# Author Interview - Sarah Cawkwell



## Commissar Ploss (Feb 29, 2008)

Author Interview - Sarah Cawkwell










http://www.thefoundingfields.com/2010/10/author-interview-sarah-cawkwell.html

Friend of the site, fellow author, and newest addition to the BL 'writers of ruin' took a little time out of her busy schedule to sit down with me for a chat. Our inaugural Author Interview here on TFF is also Sarah's first official interview as a published writer. It's a wonderful chat about life, liberty and the pursuit of... word count? Have a look!


----------



## Commissar Ploss (Feb 29, 2008)

boy that was fun! 

be sure to comment on who i should interview next.  I'm hoping to score a chat with Nik Vincent. soon as i get some questions banged up. 

cheers, 

CP :drinks:


----------



## Baron Spikey (Mar 26, 2008)

I want you to do an interview with Christian Dunn, get an Editors point of view.


----------



## Lord of the Night (Nov 18, 2009)

I'd like an interview with ADB, see how the rising star of Black Library thinks.


----------



## Commissar Ploss (Feb 29, 2008)

Baron Spikey said:


> I want you to do an interview with Christian Dunn, get an Editors point of view.


That could probably be done. I'll ask him if he's up for it.



Lord of the Night said:


> I'd like an interview with ADB, see how the rising star of Black Library thinks.


I'd love the same. We started one a while back, but he's so busy, we've lost touch. But i guess that happens when you're made of win... I'll try again though.

CP


----------



## Doelago (Nov 29, 2009)

Who you should interview next? Is Dan Abnett a realistic possibility?


----------



## Commissar Ploss (Feb 29, 2008)

Doelago said:


> Who you should interview next? Is Dan Abnett a realistic possibility?

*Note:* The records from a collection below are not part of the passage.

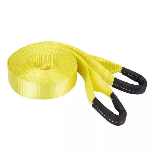 Construction and Appearance. Made with reinforced loops at both ends, this tow strap ensures secure attachment points for enhanced safety and performance. The bright yellow color increases visibility, making it easy to locate and use in any condition. This tow strap meets or exceeds all DOT and CE safety standards, ensuring it performs reliably under pressure.
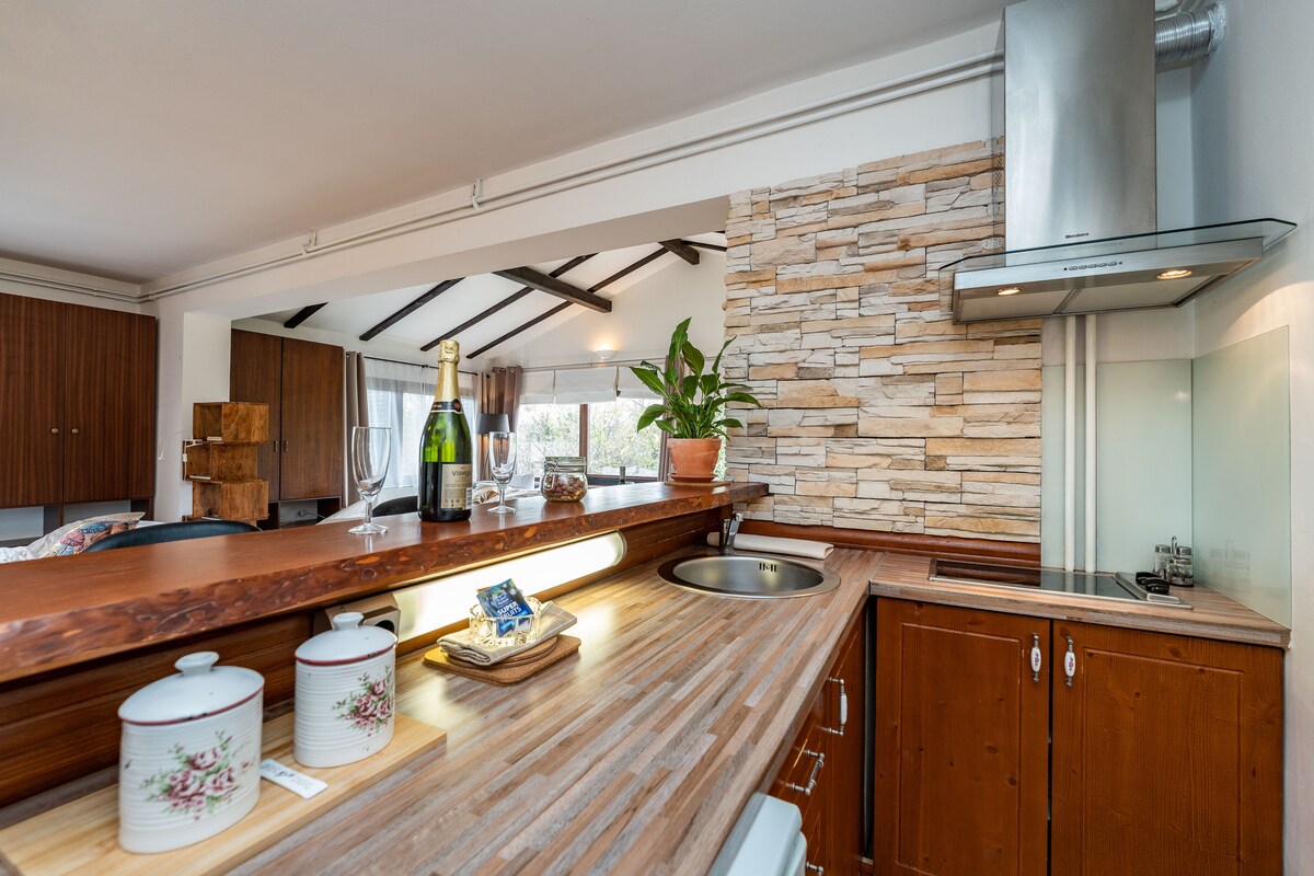 Plitviç Gölləri Milli Parkının yaxınlığında, toxunulmamış təbiətdə gizlənən, çay kənarındakı valehedici kabinəmizdə tətil keçirin. Meşə və sakitləşdirici axın səsləri ilə əhatə olunmuş bu kənd üslublu, lakin rahat dəyirman daxması şəxsi cakuzisi olan sakit təbiət məkanı axtaran cütlüklər və ya tək səyahətçilər üçün mükəmməldir. Quşların cıvıltısı ilə oyanın, səhər qəhvənizdən su kənarında zövq alın və şəlalələri, gəzinti yollarını və yaxınlıqdakı təbiət görməli yerlərini kəşf etdiyiniz gündən sonra açıq havada yerləşən cakuzidə dincəlin.
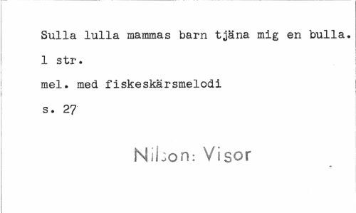 //// Sulla lulla mammas barn tjäna mig en bulla. 1 str. //// mel. med fiskeskärsmelodi s. 27 //// Nihon: Visor ////
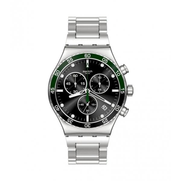 This stylish stainless-steel chronograph watch features a polished case with a sun-brushed black dial that elevates the elegant green in the bezel and the matching seconds hand. The polished bracelet is adjustable and includes a butterfly buckle.
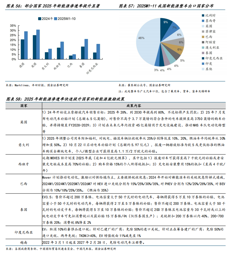 政策&优质供给推动,海外新能源加速渗透。根据Marklines数据,2025年1-10月海外新能源渗透率较2024年提升2pct,其中西欧、东南亚等区域提升显著,德国、英国、意大利、西班牙、巴西、泰国、印尼、越南等重点国家增长尤为亮眼。我们认为驱动因素主要为:①部分国家如英国、意大利、西班牙等新能源车支持政策重启或加码;②优质供给推动,如大众在欧洲市场发布了ID.4改款、新车ID.7,比亚迪在欧洲导入Seal Udmi、Sealion07EV等多款新车等。
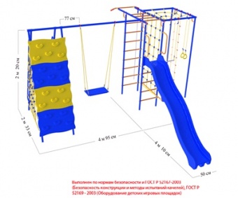 Детский спортивный комплекс "Веселый Непоседа" Модель "Радуга "ПЛЮС" предназначен для выполнения различных спортивных упражнений способствующих более полному физическому развитию детей в возрасте от 3,5 лет. Комплекс используется на лужайке. Бетонированные или выложенные плиткой поверхности исключаются. Этот комплекс предназначен для использования на дачном участке и не должен использоваться в общественных местах, таких как: парки, общественные игровые площадки, дворы и т. д. Установка комплекса производится с обязательным бетонированием опорных стоек в земле на глубину примерно 20-25 см (или на высоту/ширину штыка лопаты). Основа - трубная металлическая сборно-разборная конструкция. Покрытие - атмосферостойкая всепогодная порошковая краска.

It could be, depending on if Nik puts in a good word for me.  I'll have to ask and find out. perhaps i can schedule him in somewhere.

CP


----------



## Doelago (Nov 29, 2009)

Commissar Ploss said:


> It could be, depending on if Nik puts in a good word for me.  I'll have to ask and find out. perhaps i can schedule him in somewhere.
> 
> CP


-------> :yahoo:


----------



## Pyroriffic (Feb 28, 2010)

It's all lies, damn lies and statistics.


----------



## Commissar Ploss (Feb 29, 2008)

Pyroriffic said:


> It's all lies, damn lies and statistics.


:shok: Who are you and what have you done with Sarah!!!??


----------



## Turkeyspit (Jun 11, 2010)

My vote is for C.S. Goto....just because I'd like to see CP struggle to ask unbiased and uninflammatory questions :grin:


----------



## Commissar Ploss (Feb 29, 2008)

Turkeyspit said:


> My vote is for C.S. Goto....just because I'd like to see CP struggle to ask unbiased and uninflammatory questions :grin:


haha, i doubt he'd talk to me for just that reason. lol :laugh:

CP


----------



## Pyroriffic (Feb 28, 2010)

I am Sarah's evil clone.


----------



## Commissar Ploss (Feb 29, 2008)

Pyroriffic said:


> I am Sarah's evil clone.


you can't fool me, cutie pie. 

CP


----------



## Pyroriffic (Feb 28, 2010)

Curses.

And stuff like that.


----------



## CursedUNTILLDEATH (Apr 25, 2010)

Nice interveiw ploss
As for the future...GRAHAM MCNEIL!!!!!!!!!!!!!!!!!!!!!!!!!.....please
If not i can settle for ABD.


----------



## Turkeyspit (Jun 11, 2010)

Pyroriffic said:


> I am Sarah's evil clone.


How many models are there? And, do you perchance, have a plan?


----------



## Pyroriffic (Feb 28, 2010)

Turkeyspit said:


> How many models are there? And, do you perchance, have a plan?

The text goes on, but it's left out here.